▶ Your assignment:
Set down every record below exactly as it stands, minus the pictures.

--- Data supplied Enclosed Below ---

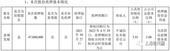 新城控股(证券代码:601155)控股股东富域发展集团有限公司向中诚信托有限责任公司质押股份4700万股,用于为其偿还前期债务需要。
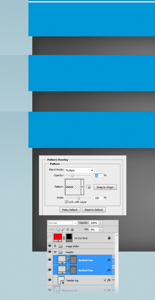 Выберите Rectangle Tool (U) и создайте прямоугольник размером 980px на 5px. Поместите этот прямоугольник в верхнюю часть шапки, как вы видите на изображении ниже. Назовите этот слой „пунктирная линия“ и установить его Fill до 0%. Затем дважды щелкните по нему и используйте настройки из следующих изображений для Pattern Overlay (перекрытие узора).
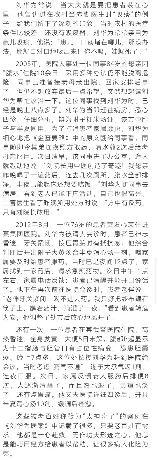 2005年,医院人事处一位同事84岁的母亲因“腹水”住院10余日,采用多种办法仍不能脱离危险。同事已准备接老母亲出院,回家安排后事了,但仍不想放弃最后一点希望,突然想起请刘华为帮忙诊治一下。这位同事找到刘华为时,已经是晚上八点多了。刘华为当即赶往病房,悉心四诊,仔细分析,辨为附子粳米汤证。该方中附子与半夏同用,为了打消患者家属顾虑,刘华为细心地把《金匮要略》中的原文翻给同事看。同事随即令其弟连夜照方取药,清水煎2次后给老母亲服用。次日清早,该同事进了办公室,逢人就激动地说:“刘院长用中医创造了奇迹!我母亲昨晚喝了一遍药后,连去几次厕所,腹水全部排净,半夜已能起床还想要吃饭。”刘华为随同事去病房,看到老人已能下床活动,自己也很高兴。主管医生看了昨晚所用处方时说:“方中有反药,只有刘院长敢用。”
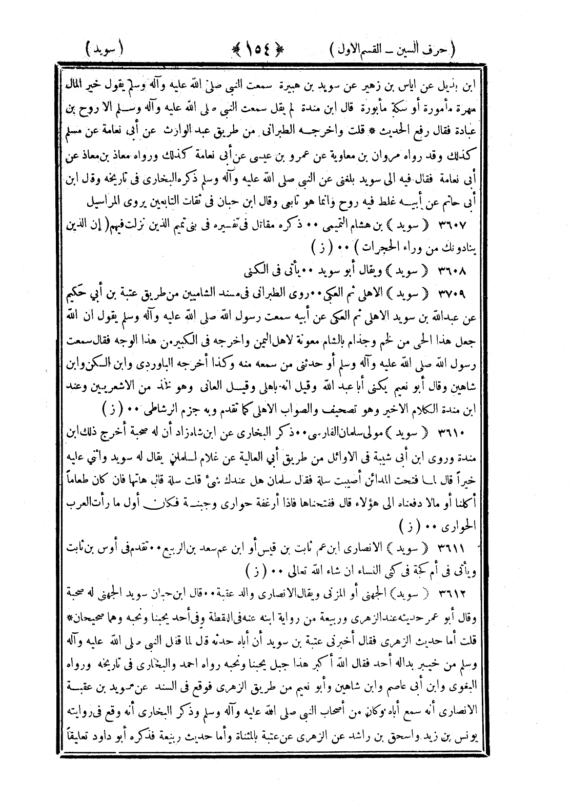 <154> بن بديل عن إياس بن زهير عن سويد بن هبيرة سمعت النبي صلى الله عليه وسلم يقول خير المال مهرة مأمورة أو سكة مأبورة قال بن منده لم يقل سمعت النبي صلى الله عليه وسلم إلا روح بن عبادة عن أبي نعامة عن مسلم وقد رواه مروان بن معاوية عن عمرو بن عيسى عن أبي نعامة فقال برفع الحديث قلت وأخرجه الطبراني من طريق عبد الوارث عن أبي نعامة عن مسلم كذلك وقد رواه مروان بن معاوية عن عمرو بن عيسى عن أبي نعامة كذلك ورواه معاذ بن معاذ عن أبي نعامة فقال فيه إلى سويد بلغني عن النبي صلى الله عليه وسلم ذكره البخاري في تاريخه وقال بن أبي حاتم عن أبيه غلط فيه روح وإنما هو تابعي وقال بن حبان في ثقات التابعين يروي المراسيل سويد بن هشام التميمي ذكره مقاتل في تفسيره في بني تميم الذين نزلت فيهم إن الذين ينادونك من وراء الحجرات الآية سويد ويقال أبو سويد يأتي في الكنى سويد الآهلي ثم العكي روى الطبراني في مسند الشاميين من طريق عتبة بن أبي حكيم عن عبد الله بن سويد الآهلي ثم العكي عن أبيه سمعت رسول الله صلى الله عليه وسلم يقول إن الله جعل هذا الحي من لخم وجذام بالشام معونة لأهل اليمن وأخرجه في الكبير من هذا الوجه فقال سمعت رسول الله صلى الله عليه وسلم يقول أو حدثني من سمعه منه وكذا أخرجه الباوردي وابن السكن وابن شاهين وقال أبو نعيم يكنى أبا عبد الله وقيل إنه باهلي وقيل ألهاني وهو فخذ من الأشعريين وعنده بن منده الكلام الأخير وهو تصحيف والصواب الآهلي كما تقدم وبه جزم الرشاطي سويد مولى سلمان الفارسي ذكر البخاري عن بن قهزاد أن له صحبة أخرج ذلك بن منده وروى بن أبي شيبة في الأوائل من طريق أبي العالية عن غلام لسلمان يقال له سويد وأثنى عليه خيرا قال لما فتحت المدائن أصبت سلة فقال سلمان هل عندك شيء قلت سلة قال هاتها فإن كان طعاما أكلناه أو مالا رفعناه إلى هؤلاء قال ففتحناها فإذا أرغفة حوارى وجبنة فكان أول ما رأيت العرب الحواري سويد الأنصاري بن عمر ثابت بن قيس أو بن عم سعد بن الربيع تقدم في أوس بن ثابت ويأتي في أم كجة في كنى النساء إن شاء الله تعالى سويد الجهني أو المزني ويقال الأنصاري والد عقبة قال بن حبان سويد الجهني له صحبة وقال أبو عمر حديثه عند الزهري وربيعة من رواية ابنه عنه في اللقطة وفي أحد يحبنا ونحبه وهما صحيحان قلت أما حديث الزهري فقال أخبرني عقبة بن سويد أن أباه حدثه قال لما قفل النبي صلى الله عليه وسلم من خيبر بدا له أحد فقال الله أكبر هذا جبل يحبنا ونحبه رواه أحمد والبخاري في تارخيه ورواه البغوي وابن أبي عاصم وابن شاهين وأبو نعيم من طريق الزهري فوقع في السند عن سويد بن عقبة الأنصاري أنه سمع أباه وكان من أصحاب النبي صلى الله عليه وسلم وذكر البخاري أنه وقع في رواية يونس بن زيد وإسحاق بن راشد عن الزهري عن عتبة بالمثناة وأما حديث ربيعة فذكره أبو داود تعليقا §
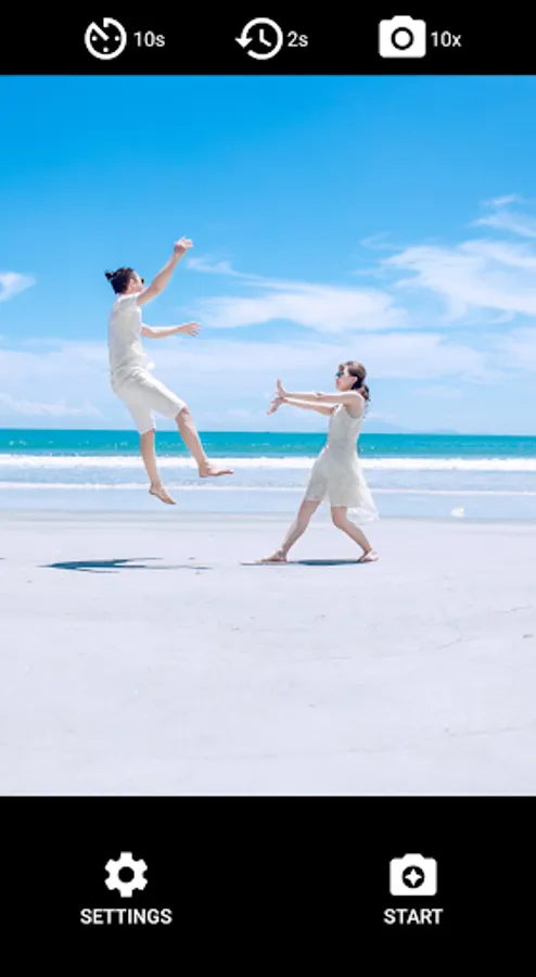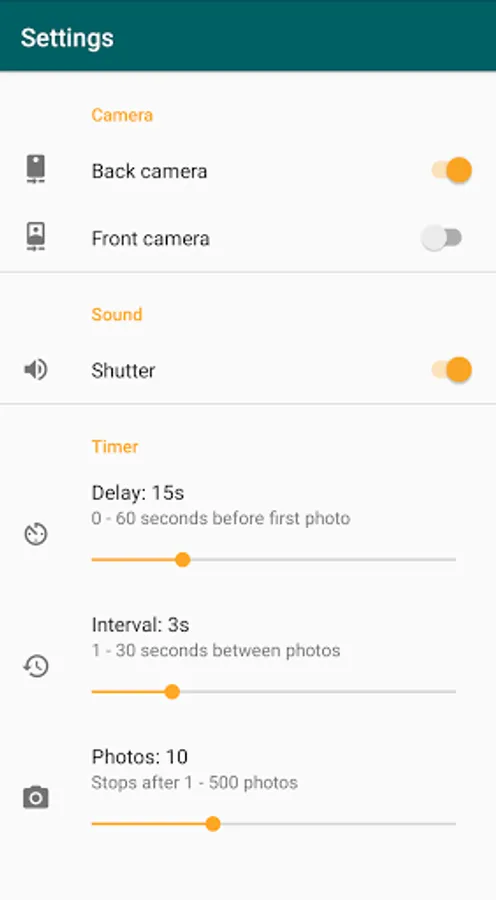 This is a camera app that takes multiple photos in an interval. Simply pick your wanted initial delay, interval, and how many photos you want.
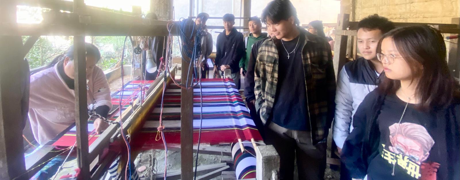 The primary objectives of the trip were threefold. Firstly, as Thenzawl is widely recognised for its well-established handloom industry, the visit aimed to enable students to gain firsthand insight into the traditional handloom practices of the region. Through observation and interaction with artisans at the training centre of MV Handloom, the students were able to better understand the techniques, craftsmanship, and cultural significance associated with the production of Mizo puan.
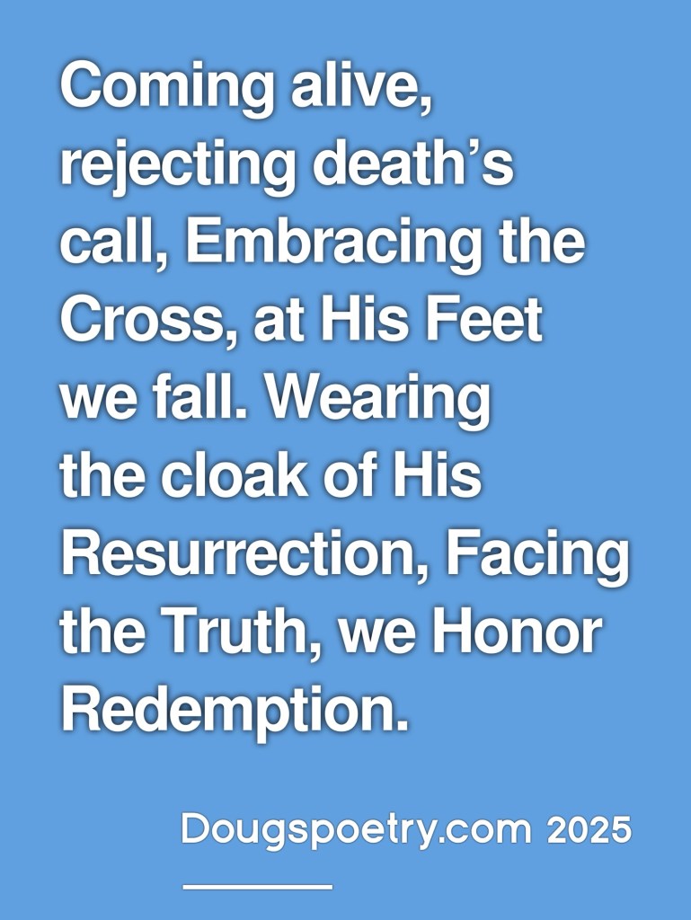 Embracing the Cross Posted bydougspoetryApril 6, 2025Posted inChristian, Poetry, ReligionTags:Calvary, Christian, Grace, Hope, Jesus, Poem, Poetry, Redemption, Religion Share this: Click to share on Facebook (Opens in new window) Facebook Click to share on X (Opens in new window) X Like Loading... Published by dougspoetry I am an avid poet, writing about life and faith. View more posts

--- End of Enclosed Data supplied ---

▶ Answer section:
 新城控股(证券代码:601155)控股股东富域发展集团有限公司向中诚信托有限责任公司质押股份4700万股,用于为其偿还前期债务需要。
 Выберите Rectangle Tool (U) и создайте прямоугольник размером 980px на 5px. Поместите этот прямоугольник в верхнюю часть шапки, как вы видите на изображении ниже. Назовите этот слой „пунктирная линия“ и установить его Fill до 0%. Затем дважды щелкните по нему и используйте настройки из следующих изображений для Pattern Overlay (перекрытие узора).
 2005年,医院人事处一位同事84岁的母亲因“腹水”住院10余日,采用多种办法仍不能脱离危险。同事已准备接老母亲出院,回家安排后事了,但仍不想放弃最后一点希望,突然想起请刘华为帮忙诊治一下。这位同事找到刘华为时,已经是晚上八点多了。刘华为当即赶往病房,悉心四诊,仔细分析,辨为附子粳米汤证。该方中附子与半夏同用,为了打消患者家属顾虑,刘华为细心地把《金匮要略》中的原文翻给同事看。同事随即令其弟连夜照方取药,清水煎2次后给老母亲服用。次日清早,该同事进了办公室,逢人就激动地说:“刘院长用中医创造了奇迹!我母亲昨晚喝了一遍药后,连去几次厕所,腹水全部排净,半夜已能起床还想要吃饭。”刘华为随同事去病房,看到老人已能下床活动,自己也很高兴。主管医生看了昨晚所用处方时说:“方中有反药,只有刘院长敢用。”
 <154> بن بديل عن إياس بن زهير عن سويد بن هبيرة سمعت النبي صلى الله عليه وسلم يقول خير المال مهرة مأمورة أو سكة مأبورة قال بن منده لم يقل سمعت النبي صلى الله عليه وسلم إلا روح بن عبادة عن أبي نعامة عن مسلم وقد رواه مروان بن معاوية عن عمرو بن عيسى عن أبي نعامة فقال برفع الحديث قلت وأخرجه الطبراني من طريق عبد الوارث عن أبي نعامة عن مسلم كذلك وقد رواه مروان بن معاوية عن عمرو بن عيسى عن أبي نعامة كذلك ورواه معاذ بن معاذ عن أبي نعامة فقال فيه إلى سويد بلغني عن النبي صلى الله عليه وسلم ذكره البخاري في تاريخه وقال بن أبي حاتم عن أبيه غلط فيه روح وإنما هو تابعي وقال بن حبان في ثقات التابعين يروي المراسيل سويد بن هشام التميمي ذكره مقاتل في تفسيره في بني تميم الذين نزلت فيهم إن الذين ينادونك من وراء الحجرات الآية سويد ويقال أبو سويد يأتي في الكنى سويد الآهلي ثم العكي روى الطبراني في مسند الشاميين من طريق عتبة بن أبي حكيم عن عبد الله بن سويد الآهلي ثم العكي عن أبيه سمعت رسول الله صلى الله عليه وسلم يقول إن الله جعل هذا الحي من لخم وجذام بالشام معونة لأهل اليمن وأخرجه في الكبير من هذا الوجه فقال سمعت رسول الله صلى الله عليه وسلم يقول أو حدثني من سمعه منه وكذا أخرجه الباوردي وابن السكن وابن شاهين وقال أبو نعيم يكنى أبا عبد الله وقيل إنه باهلي وقيل ألهاني وهو فخذ من الأشعريين وعنده بن منده الكلام الأخير وهو تصحيف والصواب الآهلي كما تقدم وبه جزم الرشاطي سويد مولى سلمان الفارسي ذكر البخاري عن بن قهزاد أن له صحبة أخرج ذلك بن منده وروى بن أبي شيبة في الأوائل من طريق أبي العالية عن غلام لسلمان يقال له سويد وأثنى عليه خيرا قال لما فتحت المدائن أصبت سلة فقال سلمان هل عندك شيء قلت سلة قال هاتها فإن كان طعاما أكلناه أو مالا رفعناه إلى هؤلاء قال ففتحناها فإذا أرغفة حوارى وجبنة فكان أول ما رأيت العرب الحواري سويد الأنصاري بن عمر ثابت بن قيس أو بن عم سعد بن الربيع تقدم في أوس بن ثابت ويأتي في أم كجة في كنى النساء إن شاء الله تعالى سويد الجهني أو المزني ويقال الأنصاري والد عقبة قال بن حبان سويد الجهني له صحبة وقال أبو عمر حديثه عند الزهري وربيعة من رواية ابنه عنه في اللقطة وفي أحد يحبنا ونحبه وهما صحيحان قلت أما حديث الزهري فقال أخبرني عقبة بن سويد أن أباه حدثه قال لما قفل النبي صلى الله عليه وسلم من خيبر بدا له أحد فقال الله أكبر هذا جبل يحبنا ونحبه رواه أحمد والبخاري في تارخيه ورواه البغوي وابن أبي عاصم وابن شاهين وأبو نعيم من طريق الزهري فوقع في السند عن سويد بن عقبة الأنصاري أنه سمع أباه وكان من أصحاب النبي صلى الله عليه وسلم وذكر البخاري أنه وقع في رواية يونس بن زيد وإسحاق بن راشد عن الزهري عن عتبة بالمثناة وأما حديث ربيعة فذكره أبو داود تعليقا §
 This is a camera app that takes multiple photos in an interval. Simply pick your wanted initial delay, interval, and how many photos you want.
 The primary objectives of the trip were threefold. Firstly, as Thenzawl is widely recognised for its well-established handloom industry, the visit aimed to enable students to gain firsthand insight into the traditional handloom practices of the region. Through observation and interaction with artisans at the training centre of MV Handloom, the students were able to better understand the techniques, craftsmanship, and cultural significance associated with the production of Mizo puan.
 Embracing the Cross Posted bydougspoetryApril 6, 2025Posted inChristian, Poetry, ReligionTags:Calvary, Christian, Grace, Hope, Jesus, Poem, Poetry, Redemption, Religion Share this: Click to share on Facebook (Opens in new window) Facebook Click to share on X (Opens in new window) X Like Loading... Published by dougspoetry I am an avid poet, writing about life and faith. View more posts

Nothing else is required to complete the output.